猫がもし中皮腫と診断されたら?中皮腫になった愛猫の記録

我が家の愛猫は17歳の時、中皮腫と診断されました。「なんだかいつもより食欲がないな」そう感じた次の日のことです。

日中、玄関先で激しく呼吸をしながら泡を吹いて倒れている愛猫を発見し、慌ててかかりつけの病院へ。そして病理検査の結果、言い渡されたのが中皮腫という病名でした。

中皮腫について慌ててネットを利用し調べてみましたが、当時、中皮腫の情報はなかなか見あたらず、介護は手探りが続いて不安ばかりでした。

今も、愛猫が中皮腫と診断され、同じように情報不足に悩んでいる飼い主さんがきっといらっしゃるはずです。そこでひとつの参考として、我が家の愛猫が中皮腫で闘病した時の様子をご紹介します。


どんな癌?猫に非常に稀な「中皮腫」の特徴

中皮腫は、猫の胸を覆っている部分の内側の、中皮という部分が腫瘍となる、悪性の癌です。

猫には非常に珍しい癌で、何十年も猫と関わってきた獣医さんであっても遭遇するのはまれです。場合によってはベテランの獣医さんでさえ初めて見たという人もいるほど。

人間の中皮腫であればアスベストが原因とされていますが、猫の場合、実は原因さえ定かではありません。

我が家の愛猫も中皮腫と診断されたものの、自宅にアスベストが使われているわけでも、家族にアスベストと関わりのある人間がいたわけでもありませんでした。

そして原因がわからない以上、残念ながら有効な治療方法が一切ないのも中皮腫の特徴です。癌といえば抗ガン剤や放射線治療などが思い浮かびますが、それらの手段は中皮腫に対してはほぼ効果が見込めません。

また、胸の広範囲を蝕んでいく癌であるために、手術で切除することもできません。

もし中皮腫になってしまったら、病院でできるのは対症療法だけです。そして飼い主さんは、完治しない癌なのだという覚悟を決めなければなりません。

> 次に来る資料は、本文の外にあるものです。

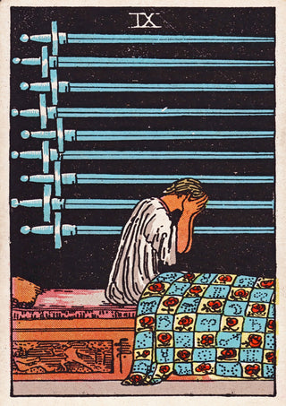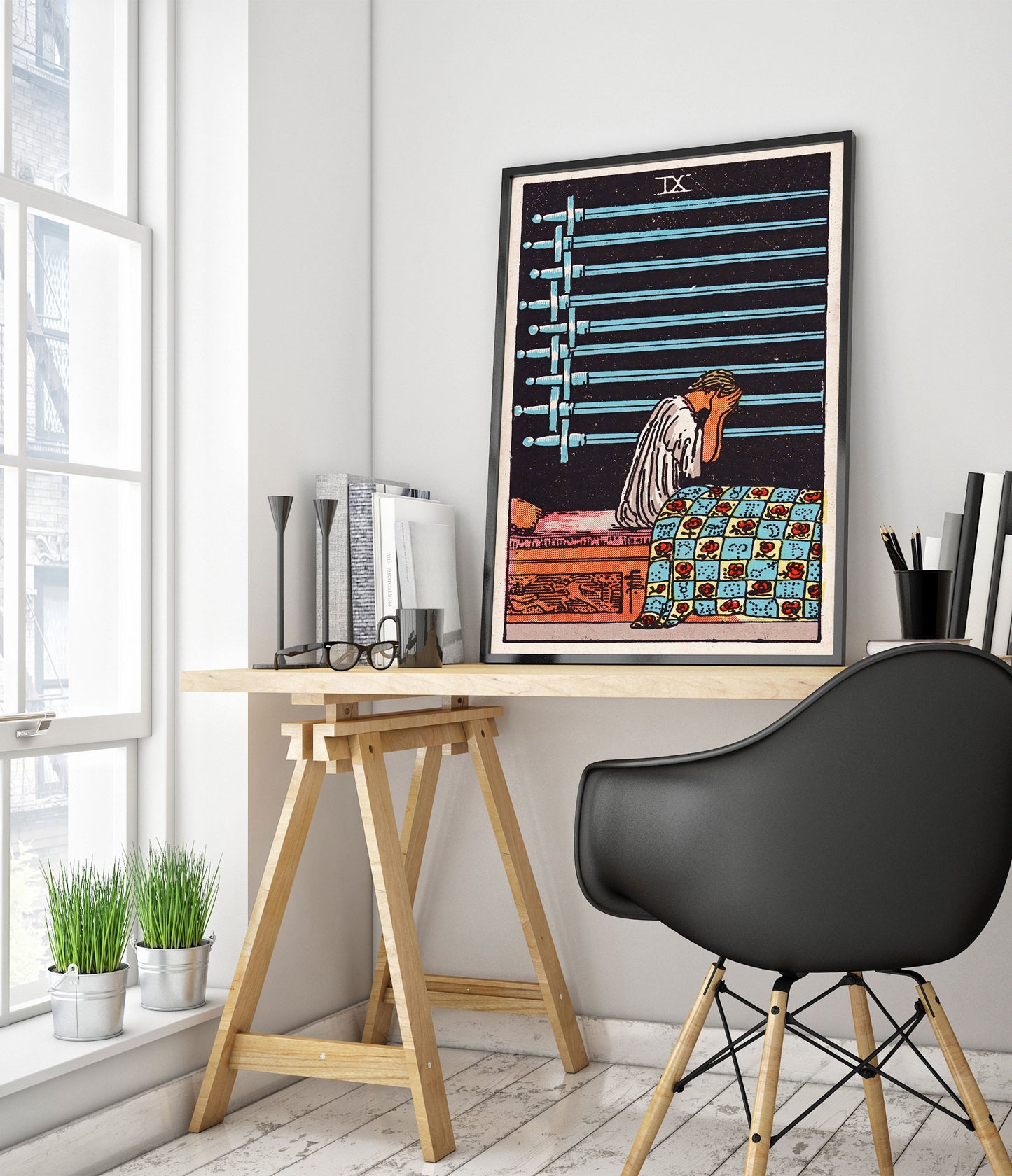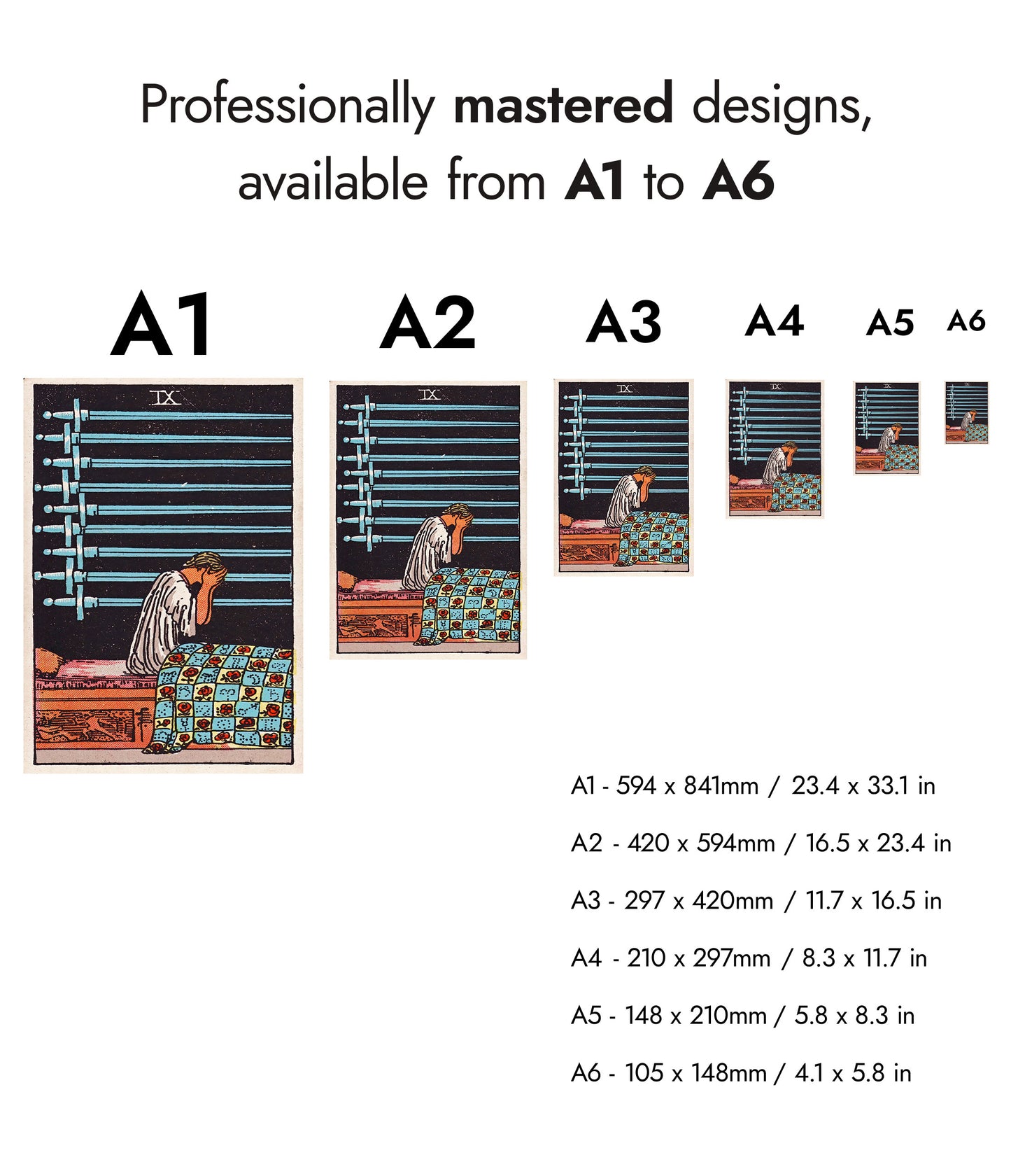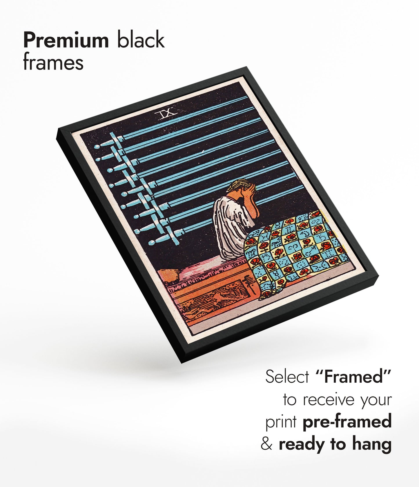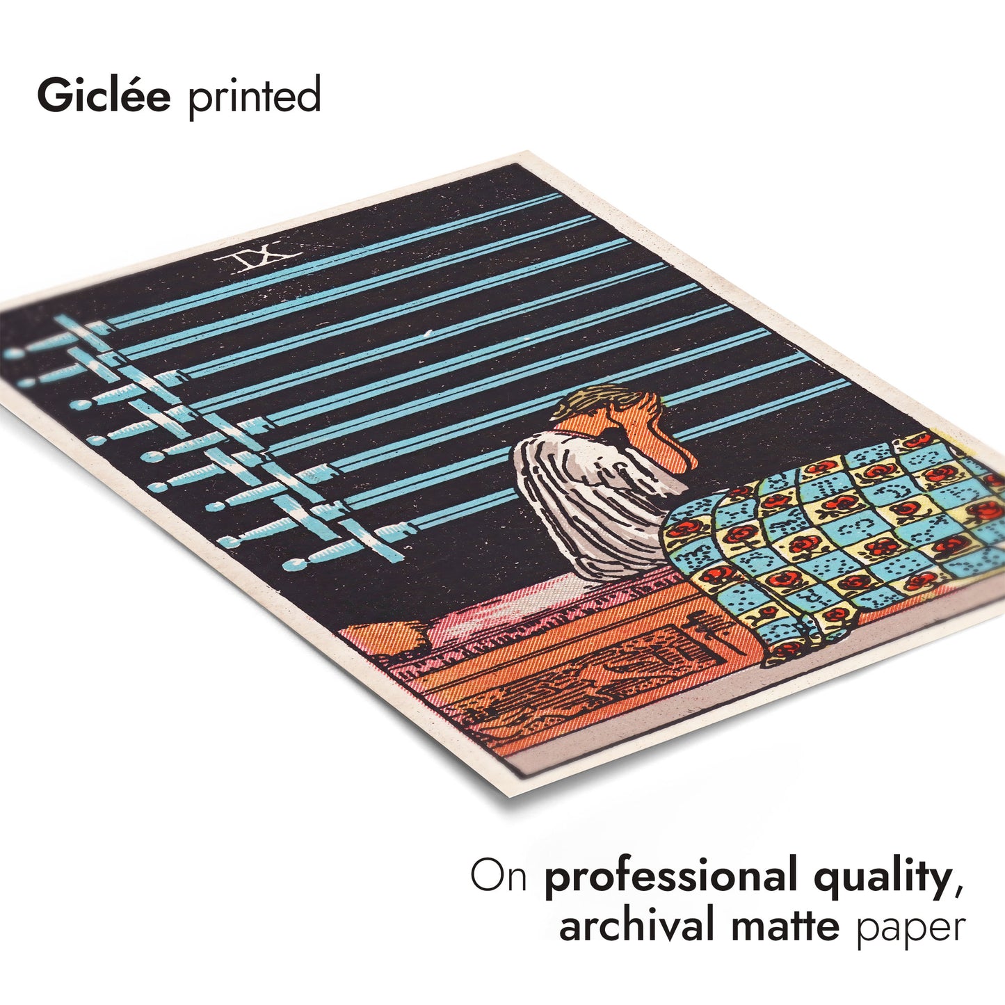 This Nine of Swords poster from the vintage tarot collection captures the poignant imagery of despair and introspection. Featuring a distressed figure seated in bed, surrounded by nine hovering swords, it evokes themes of anxiety and contemplation. The illustrative style adds a classic touch, making it a compelling piece for fans of spirituality and fantasy art.

診断結果を信じたくない……。でも病理検査が覆る可能性はほぼゼロ

日に日に弱っていく愛猫の姿を前に、癌という重大な診断が果たして真実なのか、もしかしてなにかの間違いで、本当はもっと別の病気なんじゃないかと疑いたくなってしまう飼い主さんもいるのではないでしょうか。

しかし、中皮腫を含めて癌の診断はその病院だけでは通常行いません。病理検査といって、猫からとった細胞の一部を専門の機関で検査した上での中皮腫という診断です。

どの病院で検査したとしても、残念ながら病理検査の結果が覆ることはまずありません。

愛猫はこれからどうなるの?中皮腫の具体的な症状

猫の中皮腫における主な症状は胸水(あるいは腹水)です。胸腔という、心臓や肺、気管などが存在する部分に次第に液体がたまっていきます。たまった液体が肺などを圧迫するため、呼吸困難や咳といった症状が現れるようになります。

中皮腫になってしまった愛猫に対して、飼い主さんがしてあげられる最も重要なことのひとつが、この胸水を病院で抜いて貰うことです。

胸水がたまってくるほど猫は苦しくなります。半日~丸1日の入院が必要になりますが、胸水を抜いてもらうことによって猫は非常に楽になるはずです。愛猫に安らかな余命を送ってもらうためにも、胸水を抜く行為は欠かせません。

  • 呼吸が早い、浅い
  • 鼻水が出る
  • 口を開ける

など呼吸に異常な様子が見られたら胸水がたまっている可能性があります。

我が家の愛猫は1回だけ胸水を抜き、2回目を抜く前に亡くなりました。しかし亡くなる数日前から「ぷぅー、ぷぅー」と呼吸の度に鼻から音がするようになりました。胸水がたまっていたのでしょう。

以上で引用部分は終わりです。